In any case, there were proclamations at the time of China unseating India as the world’s largest gold buyer and a whole lot of excited commentary, though fast forward to July of 2015, and, well, the price of gold slumped to a five year low, as did a lot of dama.

  1. Xi likes a British beer, now loads of Chinese do

Chinese President Xi Jinping’s recent UK visit garnered a lot of media attention within China, particularly a scene in which he and UK Prime Minister David Cameron downed a brew at the local pub.

What brew, I hear you ask? This was also the question on the minds of a lot of Chinese beer drinkers.

Greene King IPA was the brand of beer, and since then, predictably, orders from China have skyrocketed.

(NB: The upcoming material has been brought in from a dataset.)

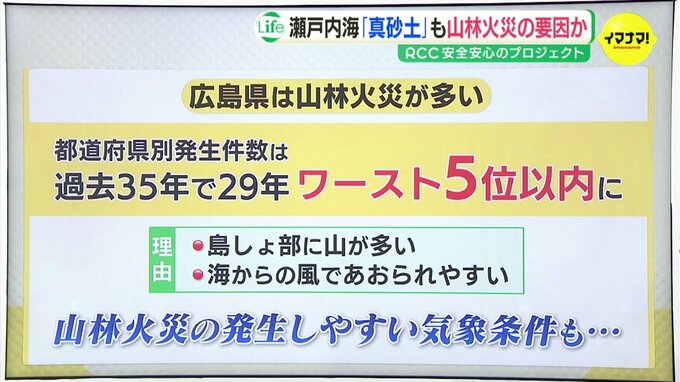 広島県は、山林火災が多い県です。過去35年間のうち29年間は、都道府県別でワースト5位になっています。島しょ部で山が多く、海からの風であおられやすいことが背景にあります。

“It has just gone berserk. It’s unbelievable,” the Guardian cited beer importer Peter Bloxham as saying. “We are now completely out of stock in our warehouse in Beijing of everything to do with Greene King,” he said.

  1. Nuke scare prompts Chinese to pass the salt

The other buying rushes listed here at least had some common sense to them—the dama thought gold was stable, not without cause. People wanted to try the beer Xi drank. The cruise ship was stuck at the small town, and so on. But when the Fukushima disaster wracked Japan and fears of nuclear contamination spread all the way to China (it’s worth pointing out here that the radiation was limited to Fukushima and surrounding areas, with some concerns over leakage into the sea which later proved less severe than first thought) consumers reacted somewhat irrationally.

They bought salt. Lots and lots of salt. Didn’t matter that radiation levels hadn’t risen in any Chinese cities, citizens didn’t seem to believe the official pronouncements. It also didn’t matter that iodized salt doesn’t actually do anything to help with radiation, the rumors had begun to spread, and salt was the name of the game.